(Collected data)
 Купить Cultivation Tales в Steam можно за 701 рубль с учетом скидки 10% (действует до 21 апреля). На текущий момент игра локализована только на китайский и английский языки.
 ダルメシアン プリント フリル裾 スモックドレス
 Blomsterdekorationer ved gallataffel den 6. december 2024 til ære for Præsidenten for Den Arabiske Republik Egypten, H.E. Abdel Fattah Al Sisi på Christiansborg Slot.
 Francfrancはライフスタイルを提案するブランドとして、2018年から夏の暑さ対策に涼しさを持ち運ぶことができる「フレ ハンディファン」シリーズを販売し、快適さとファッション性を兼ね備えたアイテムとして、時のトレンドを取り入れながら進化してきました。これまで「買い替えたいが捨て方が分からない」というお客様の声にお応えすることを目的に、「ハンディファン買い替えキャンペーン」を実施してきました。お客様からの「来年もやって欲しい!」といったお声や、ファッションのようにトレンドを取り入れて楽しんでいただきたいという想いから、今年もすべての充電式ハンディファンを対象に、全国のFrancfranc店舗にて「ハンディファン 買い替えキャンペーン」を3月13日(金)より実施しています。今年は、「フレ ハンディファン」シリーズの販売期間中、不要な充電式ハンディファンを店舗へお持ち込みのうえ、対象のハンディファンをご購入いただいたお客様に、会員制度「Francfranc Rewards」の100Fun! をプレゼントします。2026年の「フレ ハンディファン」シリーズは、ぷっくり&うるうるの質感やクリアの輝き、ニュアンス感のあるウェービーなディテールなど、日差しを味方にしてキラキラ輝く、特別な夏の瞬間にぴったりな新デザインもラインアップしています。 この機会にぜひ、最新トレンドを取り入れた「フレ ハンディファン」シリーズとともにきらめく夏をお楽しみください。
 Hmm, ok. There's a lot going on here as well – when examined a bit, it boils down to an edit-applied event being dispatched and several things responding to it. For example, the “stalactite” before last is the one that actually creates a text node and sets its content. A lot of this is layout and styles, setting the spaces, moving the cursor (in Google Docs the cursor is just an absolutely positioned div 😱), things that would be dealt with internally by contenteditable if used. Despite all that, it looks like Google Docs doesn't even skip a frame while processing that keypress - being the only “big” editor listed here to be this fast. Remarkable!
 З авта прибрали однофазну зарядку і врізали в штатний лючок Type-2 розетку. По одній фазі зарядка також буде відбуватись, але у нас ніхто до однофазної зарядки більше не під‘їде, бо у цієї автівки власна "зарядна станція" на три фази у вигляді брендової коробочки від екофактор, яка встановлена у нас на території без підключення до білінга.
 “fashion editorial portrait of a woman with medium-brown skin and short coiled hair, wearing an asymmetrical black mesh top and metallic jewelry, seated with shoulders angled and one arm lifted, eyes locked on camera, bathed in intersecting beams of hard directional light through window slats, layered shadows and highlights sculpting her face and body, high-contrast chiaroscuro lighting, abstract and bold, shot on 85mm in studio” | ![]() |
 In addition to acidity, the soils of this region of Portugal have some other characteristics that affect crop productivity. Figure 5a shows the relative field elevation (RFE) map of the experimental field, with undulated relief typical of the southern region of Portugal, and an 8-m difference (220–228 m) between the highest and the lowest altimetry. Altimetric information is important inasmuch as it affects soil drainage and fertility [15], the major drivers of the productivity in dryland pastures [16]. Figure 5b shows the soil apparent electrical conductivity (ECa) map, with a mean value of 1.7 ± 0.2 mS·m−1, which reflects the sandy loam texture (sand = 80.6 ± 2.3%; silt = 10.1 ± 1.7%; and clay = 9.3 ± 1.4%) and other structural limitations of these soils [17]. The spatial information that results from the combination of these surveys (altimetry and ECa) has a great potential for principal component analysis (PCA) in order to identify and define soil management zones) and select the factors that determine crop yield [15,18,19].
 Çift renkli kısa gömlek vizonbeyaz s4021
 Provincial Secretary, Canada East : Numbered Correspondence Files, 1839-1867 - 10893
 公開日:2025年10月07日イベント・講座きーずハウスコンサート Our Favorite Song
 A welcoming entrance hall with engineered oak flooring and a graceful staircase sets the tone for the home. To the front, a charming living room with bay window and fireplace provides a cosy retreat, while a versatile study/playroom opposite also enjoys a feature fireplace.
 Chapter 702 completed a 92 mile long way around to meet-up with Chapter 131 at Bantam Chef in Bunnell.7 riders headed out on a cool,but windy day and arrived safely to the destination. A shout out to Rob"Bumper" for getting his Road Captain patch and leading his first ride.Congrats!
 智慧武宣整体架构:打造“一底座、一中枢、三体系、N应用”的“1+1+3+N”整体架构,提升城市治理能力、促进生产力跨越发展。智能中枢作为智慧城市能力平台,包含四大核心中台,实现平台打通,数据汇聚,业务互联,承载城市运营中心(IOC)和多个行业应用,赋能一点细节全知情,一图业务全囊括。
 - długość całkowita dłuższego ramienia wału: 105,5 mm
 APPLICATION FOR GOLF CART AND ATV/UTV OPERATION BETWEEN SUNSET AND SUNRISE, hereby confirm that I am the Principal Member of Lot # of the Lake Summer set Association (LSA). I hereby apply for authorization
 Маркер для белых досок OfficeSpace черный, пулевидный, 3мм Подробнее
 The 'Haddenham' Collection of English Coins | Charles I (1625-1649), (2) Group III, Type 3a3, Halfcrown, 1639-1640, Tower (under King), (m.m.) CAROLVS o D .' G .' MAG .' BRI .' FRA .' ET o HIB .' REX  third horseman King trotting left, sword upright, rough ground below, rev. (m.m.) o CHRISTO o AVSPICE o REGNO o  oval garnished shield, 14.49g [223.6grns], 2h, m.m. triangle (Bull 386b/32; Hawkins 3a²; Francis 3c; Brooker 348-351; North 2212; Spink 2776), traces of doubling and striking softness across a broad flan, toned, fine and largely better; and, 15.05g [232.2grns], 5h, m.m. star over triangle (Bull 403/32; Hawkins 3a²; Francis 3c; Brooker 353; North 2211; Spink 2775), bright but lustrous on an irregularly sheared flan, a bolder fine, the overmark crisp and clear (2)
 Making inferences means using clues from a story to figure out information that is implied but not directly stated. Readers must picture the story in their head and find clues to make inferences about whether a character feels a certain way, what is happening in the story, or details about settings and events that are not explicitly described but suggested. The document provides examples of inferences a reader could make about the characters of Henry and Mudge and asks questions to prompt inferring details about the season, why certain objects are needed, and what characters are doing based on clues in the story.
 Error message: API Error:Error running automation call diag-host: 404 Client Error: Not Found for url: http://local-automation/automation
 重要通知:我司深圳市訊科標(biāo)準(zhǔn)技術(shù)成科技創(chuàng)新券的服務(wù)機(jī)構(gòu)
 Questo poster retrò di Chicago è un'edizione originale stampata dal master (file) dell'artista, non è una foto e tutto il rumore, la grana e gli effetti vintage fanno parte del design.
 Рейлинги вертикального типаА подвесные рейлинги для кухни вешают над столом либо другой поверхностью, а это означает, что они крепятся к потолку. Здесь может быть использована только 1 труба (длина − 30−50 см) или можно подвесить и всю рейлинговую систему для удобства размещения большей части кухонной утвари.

### What to do
Which lines in the records above contain the word "можно"? Return each of them.

### Answer to this task
 Купить Cultivation Tales в Steam можно за 701 рубль с учетом скидки 10% (действует до 21 апреля). На текущий момент игра локализована только на китайский и английский языки.
 Рейлинги вертикального типаА подвесные рейлинги для кухни вешают над столом либо другой поверхностью, а это означает, что они крепятся к потолку. Здесь может быть использована только 1 труба (длина − 30−50 см) или можно подвесить и всю рейлинговую систему для удобства размещения большей части кухонной утвари.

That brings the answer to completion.